Sam Toliver (de dos) écoute les conseils de tir de son formateur.

Les armes à feu servent avant tout à assurer sa propre protection, assurent les participantes aux exercices de tir.

Photo : Radio-Canada / Frédéric Arnould

À l'heure actuelle, un Afro-Américain sur cinq possède une arme à feu aux États-Unis, une proportion en augmentation. Des médecins, des avocats, mais aussi des mères de famille comme Tanya Riggs, une agente immobilière de la région de Westchester, comptent parmi ces personnes.

Les femmes afro-américaines sont les chefs de famille et les leaders de leur foyer. Il est important d'être capable de gérer [une situation], si votre mari a une arme à feu, vous devez savoir comment l’utiliser si nécessaire.

Une citation de Tanya Riggs, agente immobilière

Une voix dissidente

Mais Yvette Ramos a une autre vision des armes à feu. Cette résidente de Brooklyn a fait renommer une rue de son quartier en mémoire de son fils Kenneth, un rappeur, qui a été kidnappé et assassiné il y a presque 11 ans à Miami. Elle se rappellera toujours son dernier câlin, juste avant sa mort, dit-elle en fondant en larmes.

Yvette Ramos à côté d'une photo de son fils Kenneth, abattu par balles.

Yvette Ramos, dont le fils a été abattu par balles, milite contre les armes à feu.

Photo : Radio-Canada / Frédéric Arnould

Aujourd’hui, Mme Ramos s’oppose à cet armement croissant des citoyens, sous prétexte du deuxième amendement. Je ne pense pas que tout le monde devrait avoir droit à une arme. Cela signifie que je devrais avoir le droit d'acheter une arme parce que mon fils a été assassiné et qu'ils n'ont pas attrapé le tueur, vous savez? Vous pensez donc que je devrais avoir une arme? Moi, à mon avis, non.

Les nombreux exemples de mères afro-américaines qui ont perdu des enfants à cause de la violence par armes à feu font réfléchir les défenseurs du deuxième amendement de la Constitution comme Wendy James.
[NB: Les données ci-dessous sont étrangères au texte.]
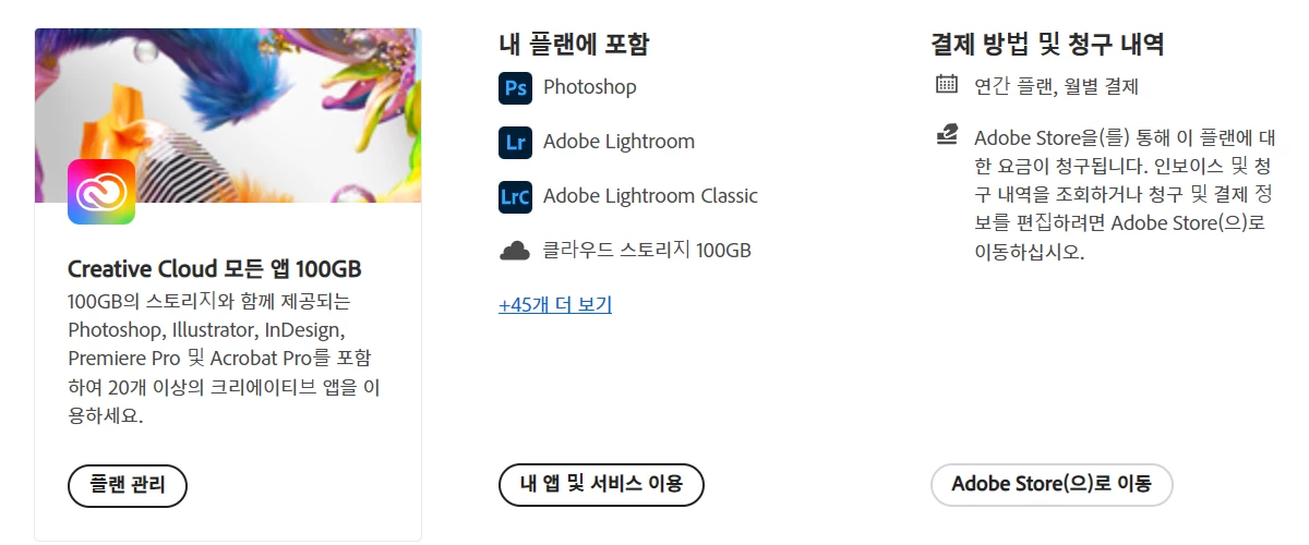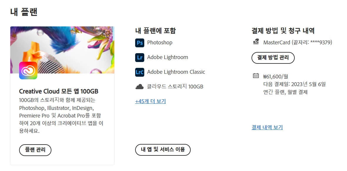 안녕하세요. 전 학생-교사 플랜으로 2020년부터 사용한 유저입니다. 그런데 지난 4월 6일 포토샵을 열어보니 갑자기 새로운 플랜에 가입해야 한다고 해서 전 학생-교사 플랜이 만료된 줄 알고 새로운 플랜에 가입했습니다. 아래 이미지는 제 계정에 있던 새로운 플랜입니다.

J'éprouverais de l'empathie si j'avais perdu un fils à cause de la violence armée, mais si j'avais déjà une arme, je ne pourrais pas honnêtement dire que je m'en débarrasserais, parce que je ne l'ai pas achetée pour la violence, soutient Mme James.

Mais l’attrait de la protection personnelle grâce aux armes à feu semble l’emporter pour Tanya Riggs. Pour être honnête, je suis un peu partagée, mais je pense que je préfère savoir comment manipuler une arme, comment désarmer quelqu’un, plutôt que d'être complètement désemparée et presque comme une cible facile.
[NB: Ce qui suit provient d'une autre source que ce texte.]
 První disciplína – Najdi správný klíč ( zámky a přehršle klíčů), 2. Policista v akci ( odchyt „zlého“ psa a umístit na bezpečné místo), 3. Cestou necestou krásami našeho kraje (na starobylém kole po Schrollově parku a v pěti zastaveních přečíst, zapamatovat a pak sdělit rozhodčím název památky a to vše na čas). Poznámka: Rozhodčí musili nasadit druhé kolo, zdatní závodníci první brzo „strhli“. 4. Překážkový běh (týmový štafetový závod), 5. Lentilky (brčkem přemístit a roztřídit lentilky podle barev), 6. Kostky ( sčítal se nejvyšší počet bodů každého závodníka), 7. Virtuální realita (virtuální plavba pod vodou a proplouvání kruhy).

Selon Donovan Lambert, membre de la NAAGA, il existe aussi un fatalisme face à l'omniprésence des armes à feu au pays.

Une femme s'entraîne au champ de tir.

Les femmes afro-américaines sont de plus en plus intéressées à se familiariser avec les armes à feu.

Photo : Radio-Canada / Frédéric Arnould

Tout le monde y est sensible, mais les armes à feu ne vont pas disparaître du jour au lendemain. Ce n'est tout simplement pas le cas.

Une citation de Donovan Lambert, formateur et président de S.O.U.L. Society Firearm Club

M. Lambert croit que le gros problème demeure celui des armes à feu obtenues illégalement. Si on éduque davantage de personnes, on peut mettre un terme à la violence et à l'utilisation imprudente des armes à feu, ce qui peut contribuer à réduire ce nombre d’armes illégales.

Bref, l’encadrement et la prévention amélioreront la situation, estime le président de S.O.U.L. Society Firearm Club. Rien toutefois pour restreindre l’accès si facile aux armes à feu de tout calibre dans un pays où en posséder une est un droit sacro-saint.